Sunday, July 30, 2006

Competition among scientists

I read the articles linked to on Nanopolitan under
`Just how competitive can scientists get.' It is unfortunate some
commentators have sought to read meaning into the fact that
the junior would-be colleague was a woman and the
curmudgeon was a man. I think gender has nothing to do
with it. There could just as well have been a gender reversal
between a junior colleague and the curmudgeon. There is
no need to bring in these superfluous things.

Friday, July 28, 2006

Violence against women

The media is full of the awful story about the murder of
this young woman who worked at a call-centre in
Bangalore, by a colleague and perhaps one time friend.
The amazing thing is the casual manner in which this
horrific crime has been committed. One would wonder
what could have driven this man to do this; the chances
of not getting caught were nil. Of course one does not
know how well-connected he is, and our own experience
with the countless crimes shows that the well-heeled will
probably get away with it. It must have been the massive
ego of this guy which led him to do this, as the media says
that the poor woman was not interested in him, etc..
However, there is one thing that one cannot avoid here.
Why are women, irrespective of class always the victims
of such terrible violence in our society? I am sure the
media is to blame for making violence, especially against
women acceptable. I don't know of any other society
that has had to invent phrases such as 'eve-teasing',
'dowry-deaths', increasingly 'acid-attacks'. Have you
ever known a woman to have carried out an acid-attack
against a man?

Monday, July 24, 2006

Language and the middle-east conflict

Nothing has horrified me more than the terrible devastation of the
war in the middle-east. No less sickening is the total media control,
especially on CNN and BBC, where I almost never find any views from
from the Palestinian or Lebanese side being heard. I must, however,
confess that things are so sickening that I am not watching much TV.
However, the following stuck to my mind and I dug out the transcript
from the following source from which I quote:

JAN EGELAND: It's destruction in block after block - mainly
residential areas. I would say that this seems to be an excessive
use of force in an area with so many civilians.

REPORTER: And if it's excessive use of force, that makes it a war crime?

JAN EGELAND: It makes it a violation of humanitarian law.

According to my table-top New Pocket Oxford Dictionary,

crime n. an offence against an individual or the state which is punishable by law

According to my online dictionary:

war crime n. Any of various crimes, such as genocide or the mistreatment of prisoners of war, committed during a war and considered in violation of the conventions of warfare.

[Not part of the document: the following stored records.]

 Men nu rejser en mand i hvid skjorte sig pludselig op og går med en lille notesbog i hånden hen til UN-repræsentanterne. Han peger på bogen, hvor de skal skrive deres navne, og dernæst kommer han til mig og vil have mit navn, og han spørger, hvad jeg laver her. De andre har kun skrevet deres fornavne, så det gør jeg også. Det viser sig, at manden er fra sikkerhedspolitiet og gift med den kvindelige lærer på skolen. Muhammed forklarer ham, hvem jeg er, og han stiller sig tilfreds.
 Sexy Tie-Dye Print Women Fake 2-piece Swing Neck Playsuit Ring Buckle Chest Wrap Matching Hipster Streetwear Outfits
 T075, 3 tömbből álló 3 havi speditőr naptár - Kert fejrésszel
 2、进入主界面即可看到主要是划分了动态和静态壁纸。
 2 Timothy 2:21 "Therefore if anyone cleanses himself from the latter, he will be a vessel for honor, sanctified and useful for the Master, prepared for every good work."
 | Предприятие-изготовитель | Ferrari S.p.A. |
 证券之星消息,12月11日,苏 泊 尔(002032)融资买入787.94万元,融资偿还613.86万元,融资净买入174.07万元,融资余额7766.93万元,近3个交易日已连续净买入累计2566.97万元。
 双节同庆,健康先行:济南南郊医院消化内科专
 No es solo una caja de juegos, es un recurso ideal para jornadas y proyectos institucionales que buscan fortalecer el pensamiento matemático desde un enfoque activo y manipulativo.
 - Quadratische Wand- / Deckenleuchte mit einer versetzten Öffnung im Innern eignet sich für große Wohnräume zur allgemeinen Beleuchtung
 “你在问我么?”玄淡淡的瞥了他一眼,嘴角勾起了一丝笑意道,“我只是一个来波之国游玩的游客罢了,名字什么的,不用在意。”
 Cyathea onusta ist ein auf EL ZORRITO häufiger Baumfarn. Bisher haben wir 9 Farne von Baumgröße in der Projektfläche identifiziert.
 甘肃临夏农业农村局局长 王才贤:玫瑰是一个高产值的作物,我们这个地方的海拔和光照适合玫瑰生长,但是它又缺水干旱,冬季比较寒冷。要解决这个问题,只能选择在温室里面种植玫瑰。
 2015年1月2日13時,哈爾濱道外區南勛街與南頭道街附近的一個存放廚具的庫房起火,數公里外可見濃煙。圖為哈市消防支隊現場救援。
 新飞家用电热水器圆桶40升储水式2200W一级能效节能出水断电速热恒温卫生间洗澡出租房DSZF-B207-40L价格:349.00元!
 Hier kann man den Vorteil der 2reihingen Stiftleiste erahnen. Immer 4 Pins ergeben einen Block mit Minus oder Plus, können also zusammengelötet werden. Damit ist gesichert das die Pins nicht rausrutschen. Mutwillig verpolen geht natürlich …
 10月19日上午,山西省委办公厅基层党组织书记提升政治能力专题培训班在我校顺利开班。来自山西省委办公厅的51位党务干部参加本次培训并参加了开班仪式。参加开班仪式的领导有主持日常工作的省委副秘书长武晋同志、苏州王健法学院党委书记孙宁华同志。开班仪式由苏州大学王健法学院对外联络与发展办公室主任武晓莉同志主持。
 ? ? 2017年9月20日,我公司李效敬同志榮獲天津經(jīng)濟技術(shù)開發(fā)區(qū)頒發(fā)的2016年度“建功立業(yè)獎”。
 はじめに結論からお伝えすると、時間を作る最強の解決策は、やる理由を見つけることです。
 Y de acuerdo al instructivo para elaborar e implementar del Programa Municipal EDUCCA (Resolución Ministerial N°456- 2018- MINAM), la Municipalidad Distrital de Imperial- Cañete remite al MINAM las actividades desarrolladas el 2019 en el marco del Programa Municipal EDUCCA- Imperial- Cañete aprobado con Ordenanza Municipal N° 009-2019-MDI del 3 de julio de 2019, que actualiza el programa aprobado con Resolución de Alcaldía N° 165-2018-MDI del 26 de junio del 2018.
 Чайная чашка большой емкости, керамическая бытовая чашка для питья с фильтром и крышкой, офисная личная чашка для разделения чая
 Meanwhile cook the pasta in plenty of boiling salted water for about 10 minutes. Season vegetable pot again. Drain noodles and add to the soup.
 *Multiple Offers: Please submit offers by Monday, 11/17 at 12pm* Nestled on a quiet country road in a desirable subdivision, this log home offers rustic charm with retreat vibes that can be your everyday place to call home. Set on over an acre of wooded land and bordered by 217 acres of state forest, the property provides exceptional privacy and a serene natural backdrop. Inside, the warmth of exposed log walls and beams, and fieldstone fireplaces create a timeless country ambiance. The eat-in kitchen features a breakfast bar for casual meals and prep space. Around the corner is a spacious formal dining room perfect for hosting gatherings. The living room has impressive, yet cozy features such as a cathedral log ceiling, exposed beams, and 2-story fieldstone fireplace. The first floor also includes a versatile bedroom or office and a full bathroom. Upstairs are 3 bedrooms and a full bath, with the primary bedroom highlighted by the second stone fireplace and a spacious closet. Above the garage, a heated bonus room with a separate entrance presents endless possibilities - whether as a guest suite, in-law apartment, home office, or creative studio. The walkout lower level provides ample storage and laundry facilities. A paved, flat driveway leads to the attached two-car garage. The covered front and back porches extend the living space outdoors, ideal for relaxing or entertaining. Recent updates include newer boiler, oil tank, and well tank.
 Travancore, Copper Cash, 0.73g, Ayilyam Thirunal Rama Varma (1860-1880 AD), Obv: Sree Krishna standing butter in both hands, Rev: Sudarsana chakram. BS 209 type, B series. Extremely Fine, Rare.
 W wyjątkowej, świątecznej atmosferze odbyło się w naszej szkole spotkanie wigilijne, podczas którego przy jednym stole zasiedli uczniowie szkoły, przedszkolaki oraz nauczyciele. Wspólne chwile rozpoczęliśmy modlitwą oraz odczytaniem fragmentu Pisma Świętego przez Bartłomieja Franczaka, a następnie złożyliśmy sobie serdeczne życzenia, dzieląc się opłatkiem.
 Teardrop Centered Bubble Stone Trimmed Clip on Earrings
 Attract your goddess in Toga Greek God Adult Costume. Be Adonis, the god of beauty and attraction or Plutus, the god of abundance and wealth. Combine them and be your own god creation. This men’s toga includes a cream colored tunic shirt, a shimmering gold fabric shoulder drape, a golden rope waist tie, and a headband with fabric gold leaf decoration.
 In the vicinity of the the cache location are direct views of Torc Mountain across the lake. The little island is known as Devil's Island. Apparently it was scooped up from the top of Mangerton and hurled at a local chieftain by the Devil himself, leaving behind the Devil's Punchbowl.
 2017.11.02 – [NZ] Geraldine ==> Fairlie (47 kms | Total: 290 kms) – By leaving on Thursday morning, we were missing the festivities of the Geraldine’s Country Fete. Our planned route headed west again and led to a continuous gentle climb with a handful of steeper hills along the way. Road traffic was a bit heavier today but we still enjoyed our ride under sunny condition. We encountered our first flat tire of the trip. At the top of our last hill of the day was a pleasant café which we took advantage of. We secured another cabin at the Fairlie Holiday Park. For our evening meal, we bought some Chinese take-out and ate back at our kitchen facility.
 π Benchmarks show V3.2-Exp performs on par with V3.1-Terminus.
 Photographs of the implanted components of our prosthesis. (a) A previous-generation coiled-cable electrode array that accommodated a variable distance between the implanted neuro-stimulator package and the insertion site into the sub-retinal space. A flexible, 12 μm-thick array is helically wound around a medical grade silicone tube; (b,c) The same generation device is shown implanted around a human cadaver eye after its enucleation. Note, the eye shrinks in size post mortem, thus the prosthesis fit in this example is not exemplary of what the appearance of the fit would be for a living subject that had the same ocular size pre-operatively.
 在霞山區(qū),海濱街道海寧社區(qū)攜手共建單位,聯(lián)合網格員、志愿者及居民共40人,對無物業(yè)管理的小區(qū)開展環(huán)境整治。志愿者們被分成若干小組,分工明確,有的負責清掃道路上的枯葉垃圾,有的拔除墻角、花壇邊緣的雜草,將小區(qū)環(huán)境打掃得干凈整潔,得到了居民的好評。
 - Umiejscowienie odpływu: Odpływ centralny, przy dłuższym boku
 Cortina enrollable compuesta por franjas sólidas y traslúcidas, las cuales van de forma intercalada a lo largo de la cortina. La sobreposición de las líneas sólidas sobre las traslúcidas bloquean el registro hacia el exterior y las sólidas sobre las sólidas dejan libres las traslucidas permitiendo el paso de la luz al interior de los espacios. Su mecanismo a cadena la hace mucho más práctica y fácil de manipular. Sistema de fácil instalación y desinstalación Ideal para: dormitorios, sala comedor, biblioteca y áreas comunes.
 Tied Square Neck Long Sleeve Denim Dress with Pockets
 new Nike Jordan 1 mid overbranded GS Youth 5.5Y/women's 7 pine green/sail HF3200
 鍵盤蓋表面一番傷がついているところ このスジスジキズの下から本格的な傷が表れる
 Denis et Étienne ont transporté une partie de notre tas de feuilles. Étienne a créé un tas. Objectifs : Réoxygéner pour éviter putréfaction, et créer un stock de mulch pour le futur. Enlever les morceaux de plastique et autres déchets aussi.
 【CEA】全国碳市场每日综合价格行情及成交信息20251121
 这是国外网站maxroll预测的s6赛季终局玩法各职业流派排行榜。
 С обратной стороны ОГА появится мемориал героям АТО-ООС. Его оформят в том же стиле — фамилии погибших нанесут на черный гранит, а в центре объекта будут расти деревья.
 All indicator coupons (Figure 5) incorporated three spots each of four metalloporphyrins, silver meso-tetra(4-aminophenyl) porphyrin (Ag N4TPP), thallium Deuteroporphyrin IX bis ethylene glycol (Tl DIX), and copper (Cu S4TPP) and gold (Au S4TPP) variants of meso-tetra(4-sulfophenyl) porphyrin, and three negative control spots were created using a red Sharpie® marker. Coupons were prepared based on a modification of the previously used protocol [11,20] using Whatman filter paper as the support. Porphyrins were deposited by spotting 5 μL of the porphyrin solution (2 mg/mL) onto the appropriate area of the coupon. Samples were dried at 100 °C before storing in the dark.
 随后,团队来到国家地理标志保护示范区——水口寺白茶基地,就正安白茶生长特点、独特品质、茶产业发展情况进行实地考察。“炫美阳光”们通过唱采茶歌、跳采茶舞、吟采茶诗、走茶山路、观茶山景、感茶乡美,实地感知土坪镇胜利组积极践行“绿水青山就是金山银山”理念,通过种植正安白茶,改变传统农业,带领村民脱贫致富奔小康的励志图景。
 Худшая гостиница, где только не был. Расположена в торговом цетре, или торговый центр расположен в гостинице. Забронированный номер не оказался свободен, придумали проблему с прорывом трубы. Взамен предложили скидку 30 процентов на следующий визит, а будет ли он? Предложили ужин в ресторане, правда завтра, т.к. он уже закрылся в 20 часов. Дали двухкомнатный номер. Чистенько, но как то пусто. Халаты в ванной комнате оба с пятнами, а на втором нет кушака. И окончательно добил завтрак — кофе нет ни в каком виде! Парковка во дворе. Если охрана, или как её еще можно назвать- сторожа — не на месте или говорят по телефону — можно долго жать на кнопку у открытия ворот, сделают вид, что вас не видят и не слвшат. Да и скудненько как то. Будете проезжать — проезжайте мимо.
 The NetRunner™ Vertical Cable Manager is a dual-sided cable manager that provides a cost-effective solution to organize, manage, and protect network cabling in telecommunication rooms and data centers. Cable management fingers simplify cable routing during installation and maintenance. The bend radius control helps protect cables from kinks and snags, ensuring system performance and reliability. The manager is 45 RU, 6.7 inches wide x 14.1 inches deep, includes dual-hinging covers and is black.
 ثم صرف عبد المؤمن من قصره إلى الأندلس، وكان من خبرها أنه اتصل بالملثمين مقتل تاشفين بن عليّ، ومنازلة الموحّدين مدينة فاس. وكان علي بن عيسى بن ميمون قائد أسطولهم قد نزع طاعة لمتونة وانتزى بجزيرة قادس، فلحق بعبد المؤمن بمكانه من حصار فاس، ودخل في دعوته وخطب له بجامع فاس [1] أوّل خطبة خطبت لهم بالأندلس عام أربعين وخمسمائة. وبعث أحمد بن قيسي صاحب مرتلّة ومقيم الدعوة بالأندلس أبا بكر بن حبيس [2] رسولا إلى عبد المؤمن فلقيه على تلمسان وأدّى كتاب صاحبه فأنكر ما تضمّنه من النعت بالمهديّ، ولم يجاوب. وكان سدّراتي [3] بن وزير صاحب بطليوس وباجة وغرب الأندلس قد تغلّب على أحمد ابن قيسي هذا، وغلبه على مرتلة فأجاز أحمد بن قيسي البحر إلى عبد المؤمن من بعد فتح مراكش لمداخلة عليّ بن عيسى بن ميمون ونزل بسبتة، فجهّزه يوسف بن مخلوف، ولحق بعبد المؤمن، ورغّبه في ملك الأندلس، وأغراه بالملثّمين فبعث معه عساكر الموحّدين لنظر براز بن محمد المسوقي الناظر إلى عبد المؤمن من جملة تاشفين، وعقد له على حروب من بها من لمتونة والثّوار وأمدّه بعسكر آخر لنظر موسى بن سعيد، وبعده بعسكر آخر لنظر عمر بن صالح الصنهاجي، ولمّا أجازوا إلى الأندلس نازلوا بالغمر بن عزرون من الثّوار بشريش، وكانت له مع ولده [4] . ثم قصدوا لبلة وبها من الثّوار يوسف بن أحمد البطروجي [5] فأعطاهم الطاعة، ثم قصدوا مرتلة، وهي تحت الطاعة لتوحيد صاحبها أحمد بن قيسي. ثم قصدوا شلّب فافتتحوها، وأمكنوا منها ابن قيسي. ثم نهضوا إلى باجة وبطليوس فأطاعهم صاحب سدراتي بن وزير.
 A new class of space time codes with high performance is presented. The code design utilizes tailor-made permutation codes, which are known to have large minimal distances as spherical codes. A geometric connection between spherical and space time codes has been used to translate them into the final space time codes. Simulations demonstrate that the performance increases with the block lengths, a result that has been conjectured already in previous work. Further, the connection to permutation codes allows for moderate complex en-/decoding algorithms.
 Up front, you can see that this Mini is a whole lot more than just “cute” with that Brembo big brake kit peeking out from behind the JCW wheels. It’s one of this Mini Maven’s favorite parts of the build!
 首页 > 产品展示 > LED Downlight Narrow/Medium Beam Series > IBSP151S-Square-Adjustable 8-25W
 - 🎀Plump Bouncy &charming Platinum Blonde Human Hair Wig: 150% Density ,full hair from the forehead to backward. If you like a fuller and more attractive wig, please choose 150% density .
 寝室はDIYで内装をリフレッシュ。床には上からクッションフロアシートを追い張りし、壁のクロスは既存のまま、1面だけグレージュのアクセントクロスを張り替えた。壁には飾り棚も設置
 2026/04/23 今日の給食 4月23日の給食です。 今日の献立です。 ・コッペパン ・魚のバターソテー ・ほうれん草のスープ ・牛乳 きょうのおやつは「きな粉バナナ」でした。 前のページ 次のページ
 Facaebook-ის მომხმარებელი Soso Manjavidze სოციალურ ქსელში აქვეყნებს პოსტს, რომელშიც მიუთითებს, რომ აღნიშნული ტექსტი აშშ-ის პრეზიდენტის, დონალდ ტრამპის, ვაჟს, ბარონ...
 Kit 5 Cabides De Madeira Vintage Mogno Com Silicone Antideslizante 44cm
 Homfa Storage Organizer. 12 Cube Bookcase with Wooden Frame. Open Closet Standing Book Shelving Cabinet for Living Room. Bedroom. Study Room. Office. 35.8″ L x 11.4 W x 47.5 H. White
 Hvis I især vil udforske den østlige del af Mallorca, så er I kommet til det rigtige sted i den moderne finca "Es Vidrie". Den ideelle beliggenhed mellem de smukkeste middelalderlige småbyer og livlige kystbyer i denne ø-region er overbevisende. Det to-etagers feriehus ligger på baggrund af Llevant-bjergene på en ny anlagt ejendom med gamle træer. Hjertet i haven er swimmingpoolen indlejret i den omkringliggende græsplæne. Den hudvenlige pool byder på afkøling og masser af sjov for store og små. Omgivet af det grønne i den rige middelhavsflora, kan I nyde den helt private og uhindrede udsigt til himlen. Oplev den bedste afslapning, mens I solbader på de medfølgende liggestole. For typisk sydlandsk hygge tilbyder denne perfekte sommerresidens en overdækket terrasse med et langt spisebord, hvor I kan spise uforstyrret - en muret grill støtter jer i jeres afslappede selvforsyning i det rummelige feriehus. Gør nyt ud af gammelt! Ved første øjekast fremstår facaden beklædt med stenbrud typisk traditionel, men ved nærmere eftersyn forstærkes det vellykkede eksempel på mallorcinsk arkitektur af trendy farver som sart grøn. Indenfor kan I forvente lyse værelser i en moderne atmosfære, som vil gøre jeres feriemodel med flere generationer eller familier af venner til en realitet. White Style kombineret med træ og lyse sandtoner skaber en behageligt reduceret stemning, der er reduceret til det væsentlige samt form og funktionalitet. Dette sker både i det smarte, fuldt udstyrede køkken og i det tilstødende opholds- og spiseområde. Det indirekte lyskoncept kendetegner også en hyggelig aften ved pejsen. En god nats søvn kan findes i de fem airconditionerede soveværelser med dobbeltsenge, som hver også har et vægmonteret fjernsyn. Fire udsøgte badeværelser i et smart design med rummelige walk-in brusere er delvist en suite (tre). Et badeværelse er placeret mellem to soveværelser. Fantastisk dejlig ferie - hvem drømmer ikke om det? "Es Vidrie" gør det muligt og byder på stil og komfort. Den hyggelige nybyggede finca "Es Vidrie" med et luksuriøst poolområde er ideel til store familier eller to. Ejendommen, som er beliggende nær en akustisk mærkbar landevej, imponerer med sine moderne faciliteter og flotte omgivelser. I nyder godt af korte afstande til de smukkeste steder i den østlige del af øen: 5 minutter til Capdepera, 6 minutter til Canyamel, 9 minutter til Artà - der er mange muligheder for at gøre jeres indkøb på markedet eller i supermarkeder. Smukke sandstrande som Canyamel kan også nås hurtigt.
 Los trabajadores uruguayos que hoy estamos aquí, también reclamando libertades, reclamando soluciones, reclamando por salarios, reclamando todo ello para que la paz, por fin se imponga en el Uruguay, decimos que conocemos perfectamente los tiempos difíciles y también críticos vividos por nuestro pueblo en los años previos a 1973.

So, why is Egeland so coy about referring to what is going on
as a war crime? Probably because if he does, then Israel would
have to be brought to court? Or is it that war crimes can only
be committed by the Rwandans, Burundians, by Charles Taylor of
Liberia, Saddam Hussein, Slobodan Milosevic, and never by the
Israelis? Enquiring minds want to know.

Monday, July 17, 2006

Project Euclid

Due to limited subscriptions, I often write to my friend Ms. Josiane Moll,
who was the librarian at the Institute of Theoretical Physics, University
of Lausanne when I was a post-doc there, to send me copies of papers.
Recently I needed one from Communications in Mathematical Physics
and she sent it to me, and also informed me of this wonderful new service
called Project Euclid and I quote from their page:

Project Euclid is a user-centered initiative to create an environment for the effective and affordable distribution of serial literature in mathematics and statistics. Project Euclid is designed to address the unique needs of independent and society journals through a collaborative partnership with scholarly publishers, professional societies, and academic libraries.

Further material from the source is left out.